1.300 yıllık tarihine bakınca, belki de böyle bir coşku görmedi Akhisar! Çaykur Rizespor maçında bitiş düdüğü çaldığı andan itibaren, adeta düğün evini andırıyor ilçe sokakları. Caddelerde dev bayraklar, kahvelerde her televizyonda adı anıldığında alkışlar, tezahüratlar... Bugünlerde herkes şehir takımları büyük bütçeleriyle ligde kalma mücadelesi verirken, mütevazi bütçesiyle 2011-2012 sezonundan Bank Aysa 1.Lig’i 63 puanla şampiyon olarak tamamlayan ve Spor Toto Süper Lig’e yükselen Akhisar Belediyespor’u konuşuyor.
Kulübün Yılmaz Atabarut Tesisleri’nde ise ilçe sokaklarının tam aksine sessizlik ve sakinlik hakim. Önce başarının mimarlarından gösterilen Kulüp Başkanı Hüseyin Eryüksel ile konuşuyoruz. Eryüksel, Süper Lig’in hedeflediklerinden bir yıl önce geldiğini, aslında bu yüzden de tartışma konusu olan stat sorunu yaşadıklarını vurguluyor.

Haberin Devamı

Hedeflediğimizden 1 yıl önce Süper Ligdeyiz

Haberin Devamı

Bu şampiyonluk futbolda  değişimin göstergesi

Hüseyin Eryüksel, çocukken amatör olarak futbol oynamış. Akhisarspor’da ise önce asbaşkanlık görevinde bulunmuş, üç yıldır da kulüp başkanı. Eryüksel, günlerdir konuşulan, yazılan, çizilen başarı öyküsünün perde arkasını şu sözlerle anlatıyor:
“İlk yılımda Bank Asya’ya çıktık. Geçen sene bir travma yaşadık. Son anda düşmekten kurtulduk. Adana’yı yenip ligde kaldık, ama bu bize ders oldu. Bu yıl ilk hedefimiz ilk 10 içinde kalmaktı. İlk yarıyı üçüncü bitirdik. Çıtamızı yavaş yavaş yükselttik. İlk beşten hiç kopmadık.
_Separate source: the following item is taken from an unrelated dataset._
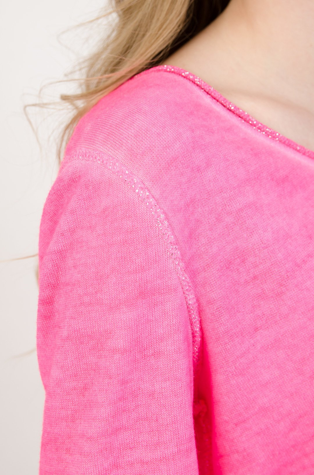 Różowa neonowa bluzka wyszywana srebrną nicią

Son hafta liderdik ve şampiyon olduk. Ama hep üçüncü, beşinci, ikinci sıralardaydık. Başarıda birlik olmamız gösterilen nedenlerden biri. Belediye Başkanı ile birlik içindeyiz. Biz zaten Belediyesporuz. Bu anlamda organik bağımız var. Tesisler belediyenin. Çalışanlarımız aşçımızdan futbolculara kadar belediyeden maaş alıyor. Bunları alt alta koyduğunuz zaman aşağı yukarı bizim genel bütçenin yüzde 15’i yapıyor.”

Haberin Devamı

İstikrar avantajımızdı
Yıllık bilançolarının 9 milyon lira olduğunu kaydeden Başkan Eryüksel şöyle devam ediyor:
“Bunun aşağı yukarı 1 milyon TL’si bu şekilde altyapı desteği. Maaşı, personeli, sigortası... Bunun yanında tam bir profesyonel kulüp hiyerarşisi var. 27 kişi çalışıyor. Futbolcular da sigortalı çalışan gözüküyor. Transfer rakamlarımız da çok yüksek değil. Mütevazi bir bütçemiz var. Rakiplerin belki üçte ikisini veriyoruz. Ama bizi seçiyorlar çünkü söz verdiğimizi veriyoruz. Daldaki beş kuşu değil, eldeki bir kuşu teklif ediyoruz. Onu da veriyoruz. Aksama yok. Futbolcular, maç başına aldığı kadar primden aldılar. 1.500 lirayla başladık şampiyonluk maçında 10 binle bitirdik. Ancak baktığınızda bizim asıl avantajımız istikrardı. Futbolcuda istikrar, hocada istikrar, yönetimde istikrar.
Geçen sezon hocamızla başladığımızda 10 hafta vardı ligin bitmesine. Bu sene de şampiyon olduk. Geçen sene Atilla Hoca’yı gönderdiğimizde İstanbul Güngören’de ilk maçı aldık. Hepsi bir kader. Kolay işler olmadı, kolay işler yapmadık. Mütevazi davranıyoruz; yeterli bütçemiz, paramız var, ama demek ki başkaları çok para harcıyor.
Bence bizi Süper Lig’e çıkaran en önemli faktör; istikrar ve yönetimin futbolculara verdiği güven. Futbolcu buraya geldiği zaman, parasını söylendiği biçimde alacağını biliyor. İmza attığı parayı alacağından ve gelecekten emin.”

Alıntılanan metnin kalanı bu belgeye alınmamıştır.